There’s only so many times you can watch the same episode of Monday Night Raw over and over again without making yourself ill. When the only thing you have to look forward to on Monday night is Eden Stiles tweeting a picture of herself backstage, you know the evening isn’t looking very promising. After that photo you automatically know that the night is just gonna go downhill no matter what happens next.
Enter John Cena, the 8,9485 time WWE Champion coming to the ring and saying he isn’t in a jokey mood because he has to wrestle Brock Lesnar at Summer Slam. Enter Paul Heyman, the manager of the “Beast Incarnate” that will face off against Mr. Cena in a few short weeks. Enter Cesaro wearing a robe that makes him look like he just stepped off the set of a Peter North video. After some verbal jabs the two superstars choose to square off in the ring.
I like Cesaro; the man is a top notch grappler with a healthy resume and enough charisma to pop a crowd. However, in this instance he is Dino Bravo to John Cena’s Hulk Hogan. I don’t care what dimensional timeline you live in, in none of them will Dino Bravo ever beat Hulk Hogan clean in the ring. That being said, I hoped Cena would at least let Cesaro get a few licks in before coming back from near death to AA him out of nowhere in the last five seconds, overcoming the odds, and believing in hustle, loyalty and respect.
To my utter shock Cena does just that. It was a competitive match, and in places where I thought Cena would surely bury Cesaro, he actually was able to counter out of whatever big move Cena was going to do. The man flipped out of an AA and tossed Cena up and delivered his awesome uppercut. He even let Cesaro swing him a few times. Would Hogan let Dino Bravo swing him? Certainly not. Alas, Cena wins with an AA off the turnbuckle. It wasn’t a burial, it was an extremely entertaining match. Good job.
After watching the backstage segment between Triple H and Stephanie, the only conclusion I can come up with is that Randy Orton is Morrie Kessler from the movie Goodfellas.
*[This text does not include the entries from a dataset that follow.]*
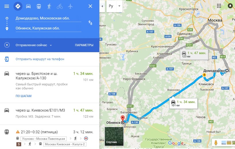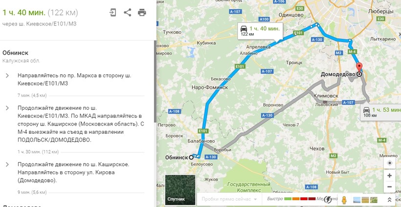 Самый короткий путь будет, если ехать по Калужскому шоссе через Подольск. Расстояние 100 км. Время в пути без пробок составит полтора часа. Дорога хорошая, но много камер и часто проезжаешь поселки, где ограничение по скорости 60 км/ч, будьте внимательнее.
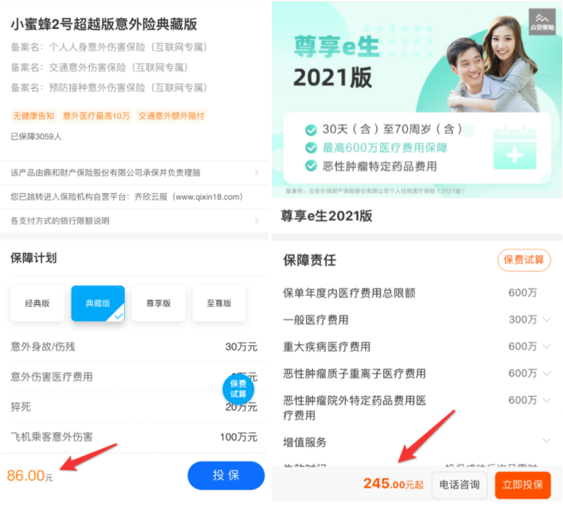可以看到,不仅夫妻二人都能够得到保额高达好几百万元的、能够有效应对各类风险的全面保障,人均价格也才不到4000元。
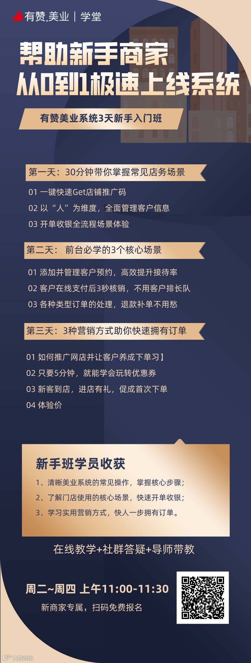 想知道如何快速上线系统促成单么?有赞美业「3天新手入门班」,通过直播授课的形式,帮您快速掌握有赞美业店务系统、营销工具等。
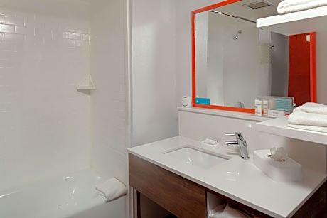 Kitchen, sofa, lounge chair, desk, 32-inch TV, free WiFi Relax in this two-room king suite with a clean and fresh Hampton bed® and a kitchen. Sink into the sofa, recliner or lounge chair and watch movies on the 32-inch HDTV. Catch up with work at the desk with ergonomic chair. Surf the web with free WiFi. Refresh your senses in the bathroom, complete with a shower and plush towels. Enjoy the convenience of having a coffeemaker in the room.
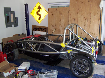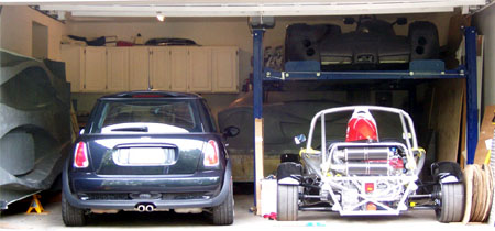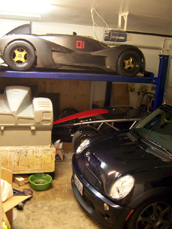 I definitely need to clean up the garage. This will be a good excuse to do it. Out in the open the car looks pretty neat, it's good to see it from a distance. The rollbar is definitely going to get powdercoated flat black. Over the past month there has been some steady progress on details - connected more plumbing, got a new oilpump belt tensioner pulley made, etc. I have this coming week to make some real progress after which it will have to sit until July. Such is life. 07/13/07 It may not seem like there's much progress but there are actually lots of things going on, some of which are pretty exciting. The dp1 has finally proven to be enough of a resume that I now have a design project for a bonafide automotive client, paying real money even. A few discussions are also taking place regarding moving the dp1 project forward and its future, although nothing is set yet. In the meantime, one of the many changes in my life is that I have lost the shop space where the dp1 was built so after coming back from Europe I had to scramble to try and find an alternative. Nothing useful came up in the two weeks so yesterday I had to move everything into the garage - the dp1, the buck and the mold. Of course the Atom and the MINI were already in it. The move was quite an ordeal because the buck in particular is very heavy and hard to maneuver without a forklift. But hey, I'm an engineer so I figured out the ways and means. Took from 10am until 4am this morning to get everything moved, get the garage cleaned out and organzied (somewhat), take the mold apart and figure out where to put the various pieces. But in the end it all fits - barely.

He’s an annoying lap dog who won’t shut up about what’s owed to him. His incessant whining about his rematch is so bothersome to Trips that all he can do is tune him out. Unfortunately, this is wrestling and you can’t have someone whacked and then tell his wife that “he ran off with some broad.” Instead, Triple H sends Randy Orton to take care of Roman Reigns. But first he has to stop and pick up some Danish for Belle.
The Paige and AJ Lee situation is a boggling one. First, Paige comes in with a hot crowd as the star of NXT. AJ Lee, on her way out of the WWE so she can pull a Terry Funk and recharge her batteries for a few months, was the bad gal of the Divas division. She was handled and had her title taken away. Good. Evil was punished and she disappeared. I don’t know if it was due to a negative reaction towards Paige, or because she looked incredibly weak in the ring, but for some reason upon AJ’s return she is painted as the evil doer while AJ is seen as the savior of the divas. Something is not right here. Paige humbled herself on television, then two weeks later came out and assaulted her “frienemy” AJ. What exactly happened? Why the flip flop. It wouldn’t bother me as much if AJ wasn’t acting in exactly the same manner that she was when she originally left. Seriously, nothing about her demeanor screams good guy. She’s just her default self, and I guess that’s good enough for the WWE audience. Or maybe she had garnered so much heat because Naomi was coming off the heels of being portrayed as such a strong character on Total Divas, people actually rooted for her, and she was ultimately taken out of title contention for seemingly no reason at all. Who knows? All I know is that this current Divas storyline makes as much sense as Batista finally getting cheered for walking away from Evolution and doing the princess wave.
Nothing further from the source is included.